My first reaction was to ask the justice minister, "Why does Noriko need a special permit to stay in her country of birth?" Sure, one could argue that she is of Filipino ancestry, but for that matter, all the children born to Japanese parents in Brazil, America, Canada, Peru, Australia or France are of Japanese ancestry. Yet, nikkeijin have been accepted as full members of other societies. The largest of these foreign communities are in Brazil, the United States and the Philippines. Descendants of emigrants from the Meiji Era still have recognizable communities in those countries. Some have even become lawmakers in their country of birth or adoption.

By contrast the government in Japan persistently maintains a racist and xenophobic system under which people who fulfill every internationally accepted qualification for citizenship are denied it. There is a real lack of political push in this fight.
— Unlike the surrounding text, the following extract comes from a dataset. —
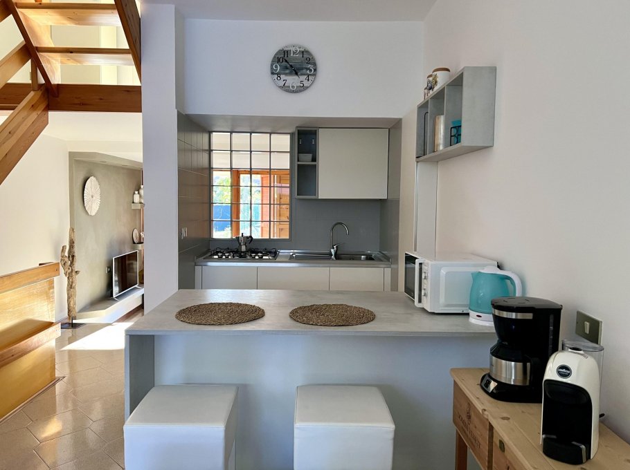 Das Reihenhaus verfuegt ueber privat Garten mit Mobiliar, Grill und 2 Liegebetten. 1 nummerierten Parkplatz. In der Wohnung: Tv (no Sat), Klimaanlage (nur in 1. Stock), Mikrowelle, klein Kuehlschrank, Filterkaffeemaschine, Espresso-Kaffeemaschine Lavazza A Modo Mio®, Wasserkocher, Foen. 1 Kostenlose „Light WI-FI (no streaming no download) fuer 3 Geraete pro Mal.

The majority of Japanese people firmly believe that the key to Japanese identity is in the blood. A few open-minded lawmakers are willing to grant citizenship to anyone born in Japan and to allow dual citizenship for those with foreign-born parents, but the idea is always opposed by most conservative politicians. They argue that Japan, unlike America or Canada, is not a country of immigrants. The Liberal Democratic Party goes even further to the right: It says Japan is an ethnic Japanese nation. That, however, is no longer the reality.

The country still has no law regulating immigration. Many new babies born in Japan are not Japanese. The largest group of foreigners are ethnic Chinese and Koreans, but these people, who pay taxes and often feel more Japanese than Chinese or Korean, can become Japanese citizens only with great difficulty.

Redefining Japanese citizenship by birth or choice — instead of by blood — will encourage Japanese people to accept foreigners. It would provide relief for millions of people now destined to live in a country where they will never fully belong.